Но – самое главное, самое мелкое, прячущееся в деталях – почему для американцев Набоков нечто «убедительно доказывает», русским рассказывает про «другие берега», а в Англии восклицает, словно гипнотизер какой: «Память, говори!» А ведь если верно мое предположение, то это одна из самых замечательных шуток разведчика в отставке, по совместительству опытного беллетриста. Бывший начальник или бывший сослуживец берет в руки книжку воспоминаний: ну-ка, ну-ка, посмотрим, что там такое написал наш славный Nabokoff. Какое-то название странное, что-то оно мне напоминает…
И тут же неприятное предчувствие кольнет его, поскольку вспомнится давний шпионский боевик и агент по прозвищу Мемори. Батюшки светы, неужто разболтал? Вцепится в книжку и прочитает всю до дыр, до финала. И сразу полегчает – фууух. Он все про своих гувернеров и гувернанток пишет. Ну и напугал же он меня… Впрочем, он всегда был шутником, этот Nabokoff… И каково же было шутнику Nabokoff’у спустя много лет после своей шутки получить дельное предложение от того, кто ему ее подсказал: «А не напишете ли Вы для меня сценарий шпионского фильма, драматического, психологического, с этим, как его бишь, саспенсом?»
«Емеля, Емеля!..», или Стрельников / Сокольников
Емеля, Емеля! – думал я с досадою, – зачем не наткнулся ты на штык или не подвернулся под картечь? Лучше ничего не мог бы ты придумать.

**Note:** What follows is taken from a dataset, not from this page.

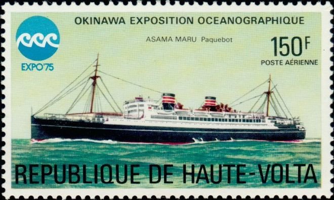 Visibility: public Image owner: none postage 9/26/1975 150f multi issue=EXPO '75 d=Asama Maru unwmk Crops No visible images cropped from this one. Measurements Resolution is unknown. Source Source name: Colnect File URL: http://i.colnect.net/b/5117/095/Asama-Maru.jpg Uploaded April 2, 2019, 9:19 pm by Stan Shebs |

А. С. Пушкин. Капитанская дочка
В нескольких шагах от крыльца, вкось поперек дорожки, упал и, уткнувшись головой в сугроб, лежал застрелившийся Павел Павлович. Снег под его левым виском сбился красным комком, вымокши в луже натекшей крови. Мелкие, в сторону брызнувшие капли крови скатались со снегом в красные шарики, похожие на ягоды мерзлой рябины.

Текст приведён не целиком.